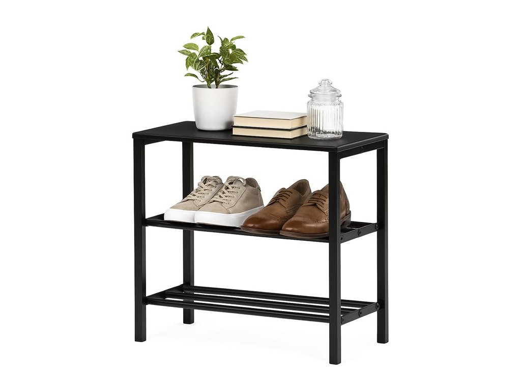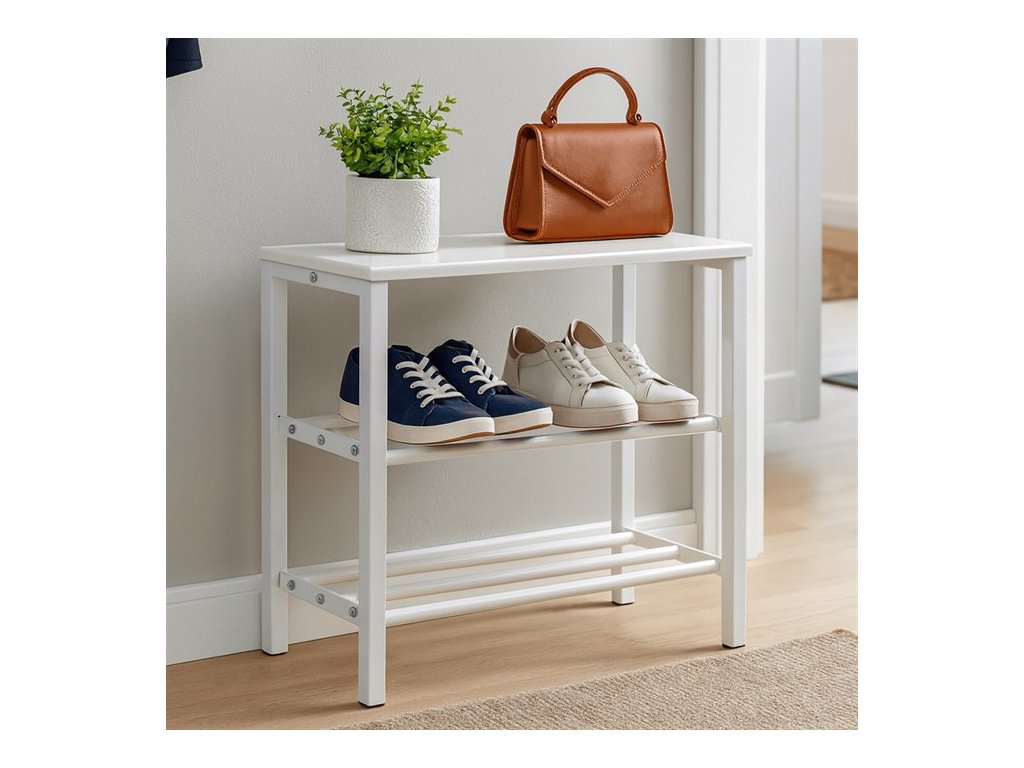 Stylový botník SPIRIT je praktickým pomocníkem, který spojuje funkčnost s elegantním designem. Pevná kovová konstrukce zajišťuje stabilitu a dlouhou životnost, takže zvládne každodenní používání. Dvě prostorné police poskytují dostatek místa pro uložení několika párů obuvi, zatímco horní desku z MDF lze využít na dekorace, tašky či drobné předměty. Díky minimalistickému vzhledu se botník snadno přizpůsobí moderním i klasickým interiérům a pomůže vám udržet předsíň vždy uspořádanou.
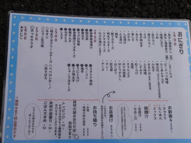2個以上のおにぎりと味噌汁頼むと100円引きに
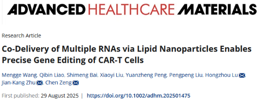 稿件来源:性愛网 发布时间:2025-09-01 19:20:532025年8月29日,性愛网 (南方科技大学第二附属医院)卢洪洲教授团队与南方科技大学医学院/前沿生物技术学院朱健康院士、曾臣副研究员团队合作,在国际知名期刊《Advanced Healthcare Materials》(JCR分区Q1;5年平均影响因子10.8)上发表题为“Co-Delivery of Multiple RNAs via Lipid Nanoparticles Enables Precise Gene Editing of CAR-T Cells”的研究论文。该研究开发了一种基于脂质纳米颗粒(LNP)的新型递送系统,可同时携带多种RNA分子,实现对CAR-T细胞的高效、精准基因编辑,显著提升其抗肿瘤能力,为肿瘤免疫治疗提供了新策略。
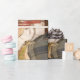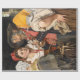 This design features a painting by the German artist Karl Gussow (1843–1907). It captures an affectionate moment between an elderly man and his cherished pet cat, while three women, perhaps family members, surround him. The painting exudes warmth, domesticity and the joy of simple shared moments. The elderly man, standing with a gentle yet joyful expression, holds the cat up near his face as if admiring his treasured companion. His expression exudes affection and delight, showcasing the cat as an important source of companionship in his life. The cat, content and relaxed, is portrayed with detailed tabby fur, adding a lifelike quality to its presence. The three women, also standing, surround the old man, observing his interaction with the cat with warmth, as if they are familiar with his deep fondness and love for the animal. Gussow's careful composition, with the old man and cat at the centre surrounded by the women, emphasizes the theme of love and connection. The painting celebrates the simple joys of life, particularly the companionship between humans and animals, while also capturing the supportive and light-hearted nature of familial relationships. The original work was painted by Karl Gussow in 1876.
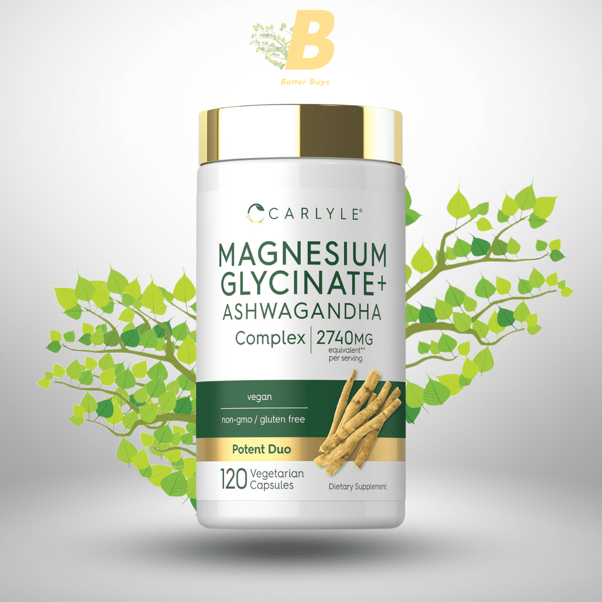 Carlyle Magnesium Glycinate with Ashwagandha | 2,740mg Complex | 120 Vegetarian Capsules | Potent Duo | Non-GMO and Gluten Free Supplement
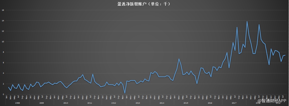 盈透证券的官网每个月都会公布新增账户数量,智通财经APP根据官网整理了盈透2008年到2019年二季度新增账户数据,如下:
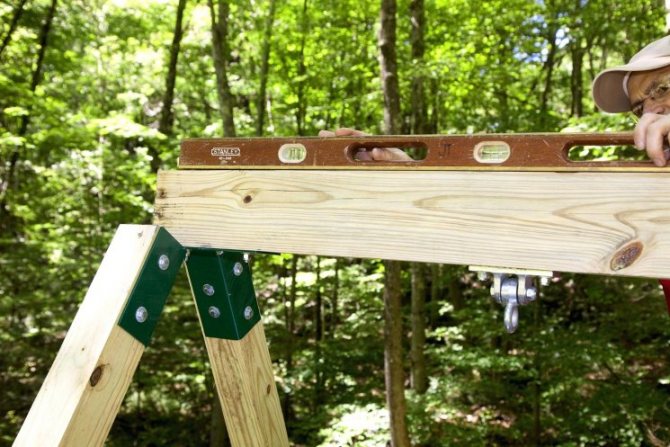 Однако здесь нужно правильно оценить свои возможности, поскольку для железной конструкции необходимо прочное основание, где придется применять сварку. Если подобными навыками вы не обладаете, то создайте проект деревянного изделия с цепными или веревочными крепежами. Обратите внимание на дуб, кедр, сосну или березу. При правильной обработке такая древесина не потрескается, не лопнет и не превратится в труху.
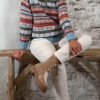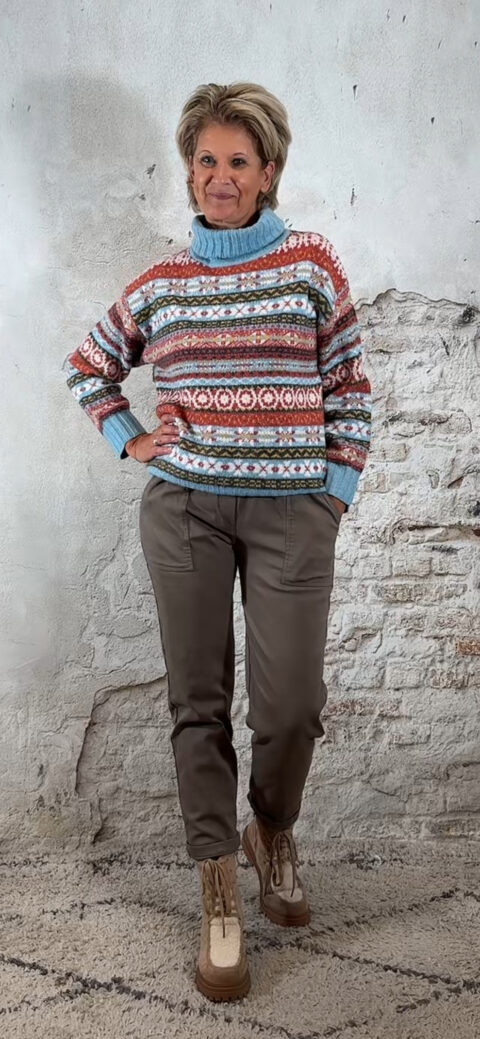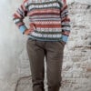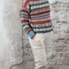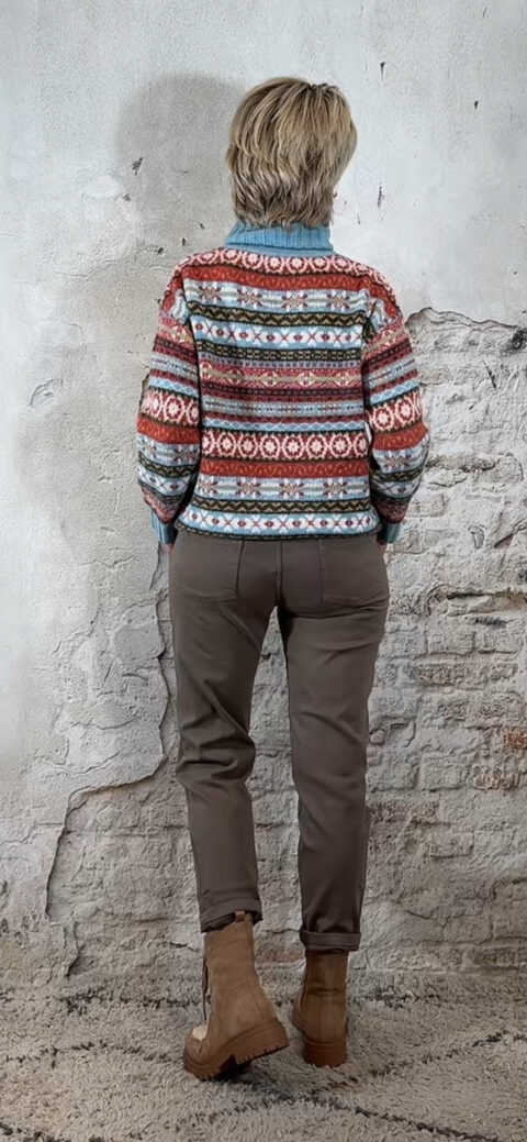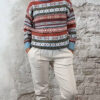 De bovenkant is versierd met een stijlvolle Noorse print, wat de trui een tijdloze, winterse uitstraling geeft.
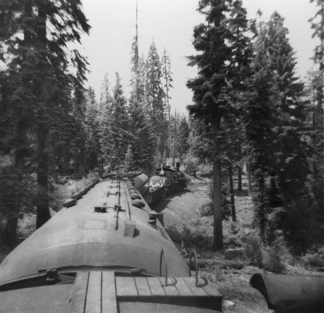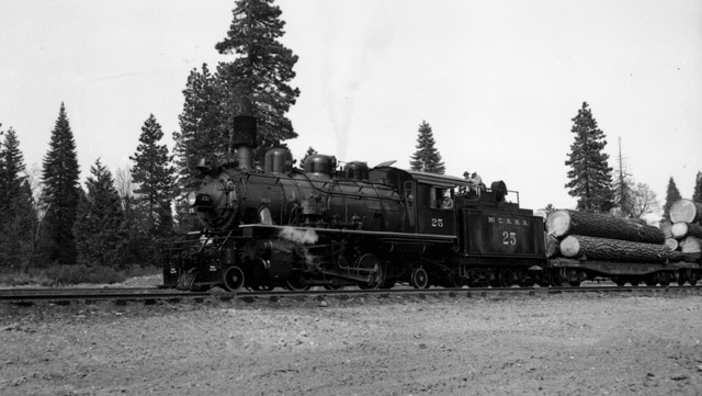 The first railfan excursion over the McCloud River Railroad operated on 12 June 1948. Thirty excursionists rode in three cabooses tacked onto the end of the daily freight to Pondosa. The excursionists ate lunch at the lumber company cookhouse before returning to McCloud. The Western Railroader magazine proclaimed the trip to be the best yet operated on the west coast. The second and third railfan excursions operated on consecutive weekends in June 1950. On Saturday, 10 June, the Northern California Railroad Club sponsored an excursion that operated from McCloud to Lookout and return, and then on 17 June the railroad operated a McCloud to Pondosa excursion as part of the Pacific Coast Region of the National Model Railroad Association annual convention, held that year in Dunsmuir. Both of these excursions used either the #26 or #27, gondolas and coaches leased from the Southern Pacific, and McCloud cabooses. The final excursions of the early era operated in 1953. The Northern California Railroad Club sponsored a "Pondosa Logger" featuring the #25 hauling six log loads, a gondola, and three cabooses from McCloud to Pondosa on 23 May, followed on 22 June 1953 with a second excursion making the round trip to Pondosa. Other than the 1955 specials marking completion of the Burney line, the 1953 trips proved to be the last until the #25 started its excursion career in 1962. |
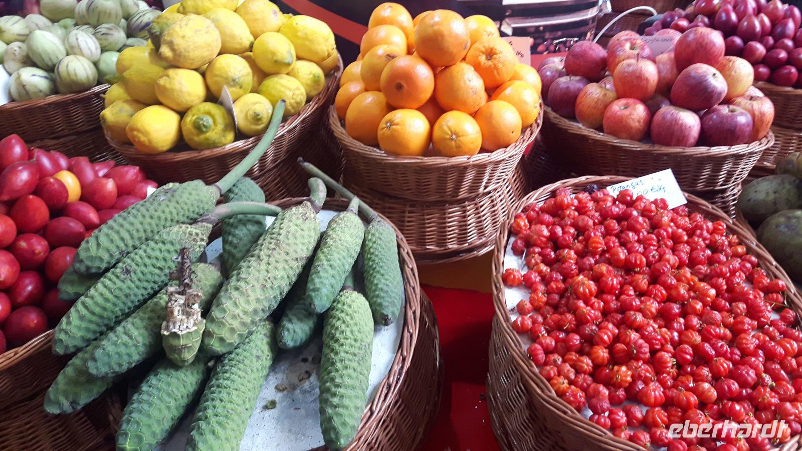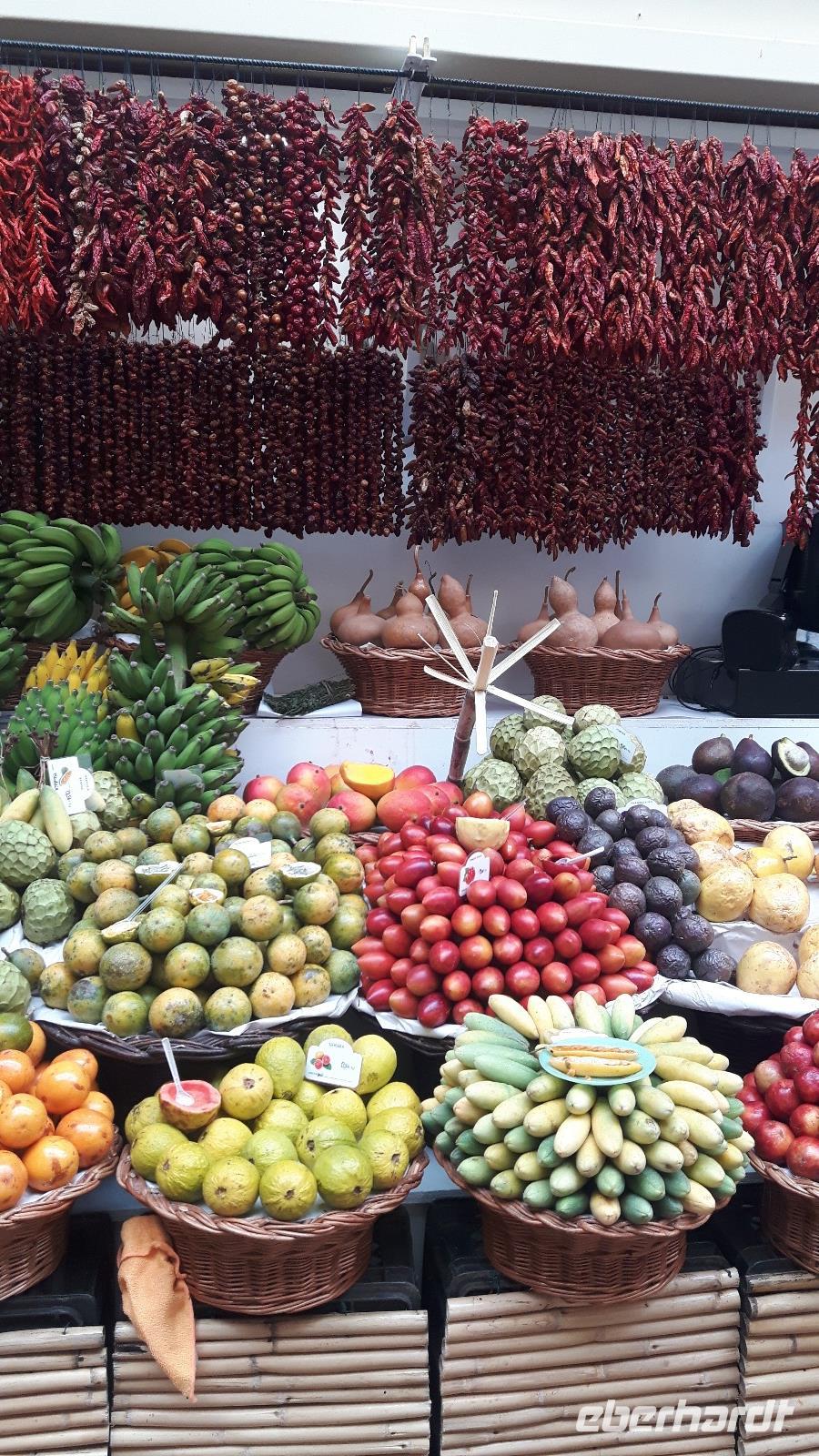 Auch heute ging es erst gegen 9 Uhr los und nach einer sehr kurzen Fahrt waren wir bereits im oberhalb von Funchal gelegenen Botanischen Garten angekommen. Allein die Lage ist äußerst reizvoll, denn der Blick auf die Inselhauptstadt ist von hier aus fantastisch. Gemeinsam mit Paula flanierten wir gemütlich durch den Park, die Vegetation mit über 2.000 verschiedenen Pflanzen ist bewundernswert. Gegen Mittag besuchten wir die quirlige und altehrwürdige Markthalle von Funchal, die wir dann mit allen Sinnen erleben konnten. Das Motto lautet "Sehen, riechen, schmecken und staunen...!" Hier fanden wir alles, was die Insel an Kulinarischem, Floralem und Kulturellem zu bieten hat. Später erreichten wir "Blandy´s Wine Lodge" und auch hier führte uns Paula durch verschiedene Räumlichkeiten, bis wir den berühmten Madeira-Wein in zwei verschiedenen Sorten probieren konnten. Gut gelaunt spazierten wir weiter durch die Gassen der Altstadt zum Restaurant "Solar da

^^^^

DIRECTIONS:
Only the lines starting at the one with "Carlyle Magnesium Glycinate" and ending at the one with "盈透证券的官网每个月都会公布" should be printed, each exactly as it appears in the material above; the pictures are to be omitted.

RESULT FOR THIS TASK:
 Carlyle Magnesium Glycinate with Ashwagandha | 2,740mg Complex | 120 Vegetarian Capsules | Potent Duo | Non-GMO and Gluten Free Supplement
 盈透证券的官网每个月都会公布新增账户数量,智通财经APP根据官网整理了盈透2008年到2019年二季度新增账户数据,如下:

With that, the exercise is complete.